CBT is a combination of cognitive therapy and behavioral therapy. Cognitive therapy was developed by psychologist Albert Ellis and psychiatrist Aaron Beck during the 1950s and 1960s, and is based upon the cognitive model of behavior, which holds that thoughts, feelings and behavior are connected, and that inaccurate thinking, distressing feelings and unhelpful behavior can be identified, analyzed and changed to help people overcome difficulties. This is done by working collaboratively with a therapist to identify patterns of thinking that are distorted or incorrect and to test and modify beliefs about people and situations. The therapist helps the patient or client identify errors or distortions of thinking about situations and people that can lead to incorrect beliefs about them and inappropriate behaviors in response to those beliefs. Behavioral therapy is descended from some ancient philosophical traditions, but took modern form in the ideas of Edward Thorndike, who coined the term "behavior modification" in 1911, and B.F. Skinner and his school, who showed that almost any kind of behavior could be changed with repeated practice. CBT uses cognitive techniques to identify thoughts and feelings that cause distress and when acted upon can cause problematic behavior, and helps people think about them differently, as well as behavioral methods to train people in different and more effective ways to respond to difficult situations. The method can thus help to change moods and thoughts which are distressing and to change behavioral actions based on these moods and thoughts that can cause problems.

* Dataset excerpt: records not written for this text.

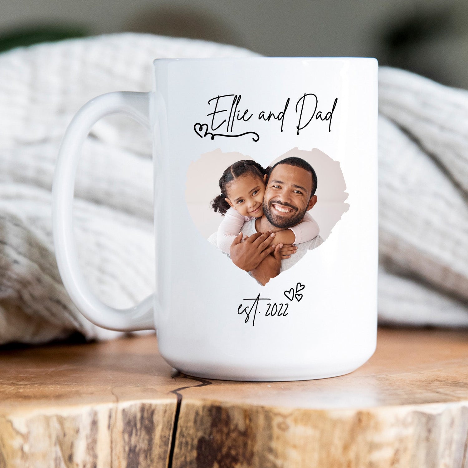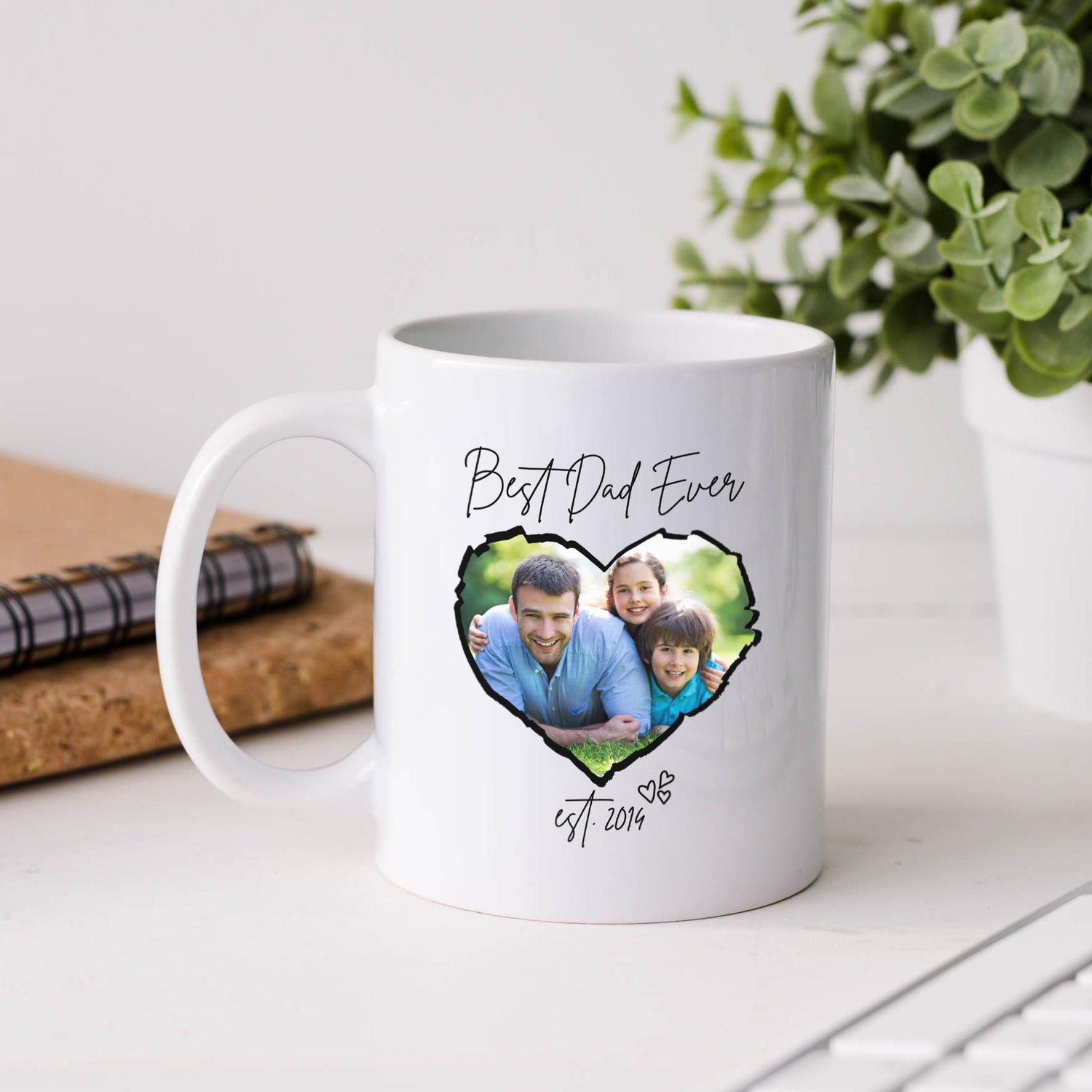 This cute custom photo mug for Father’s Day is the perfect personalized gift for dad. Add a name, year, and favorite photo to create a custom coffee mug that’s ideal for Father’s Day gifts, birthday gifts for him, or Christmas presents for dad.
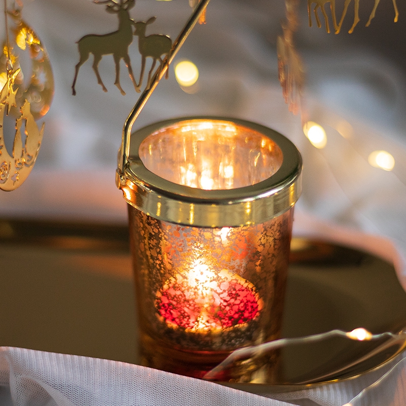 Chân Nến Thủy Tinh Đế Nến Xoay Chong Chóng Kim Loại Decor Trang Trí Giáng Sinh CN001
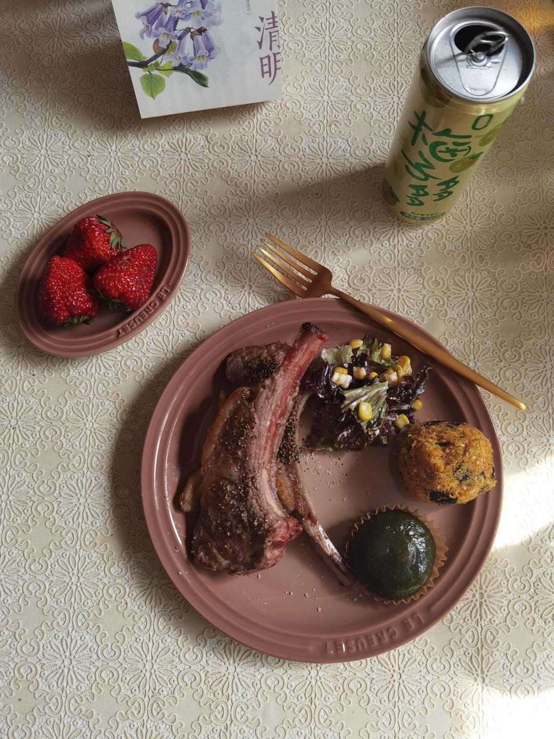 小羊排 沙拉 肉松小贝 青团 草莓 梅子多多

There are several different techniques for CBT. Brief CBT is designed to be carried out in several sessions totaling 12 hours or less, and is intended to deal with crises. This is particularly helpful in military situations, during medical hospitalizations and for the prevention of threatening suicide. Cognitive emotional behavioral therapy is a more extended version of CBT, developed first for eating disorder patients but now used for many other conditions: patients or clients learn to evaluate why they experience distress and to reduce the need for dysfunctional behaviors like starving, binging, purging and abusing substances. It is sometimes used as a "pretreatment" regimen for depression, anxiety and obsessions or compulsions. Most people take part in structured CBT, in which thoughts and feelings are analyzed, alternative behaviors in response to these thoughts and feelings are then identified and replacing the old problem behaviors with new and more effective ones is finally practiced. This is designed to get individuals to specific goals within a specific period of time.

There are many controlled trials in which the effectiveness of CBT is compared to some other treatment for depression or to the condition of treated patients before they began CBT. These have usually demonstrated a significant difference with CBT, and have not shown the incidence of side effects and treatment discontinuation that the various antidepressant medications have, even though drug treatment is effective, too. CBT compares favorably in effectiveness and cost to most other techniques of psychotherapy, particularly the traditional forms of psychoanalysis. CBT is usually done with benefit in face-to-face sessions with a therapist, but can be done by telephone and computer with demonstrable benefit. No significant side effects or problems have been identified with CBT. The practice guidelines for depression treatment issued in 2010 by the American Psychiatric Association classify CBT as a first-line psychotherapy technique that is effective and safe.

The many new medications that have been developed for the treatment of depression have been very helpful for many people. Those who do not wish to go down that road may very well be helped by the newer techniques of talking therapy, which do not involve prolonged periods of analysis and may not even need a therapist's couch. Cognitive behavioral therapy is safe and has been proven to be effective in many situations, including depression.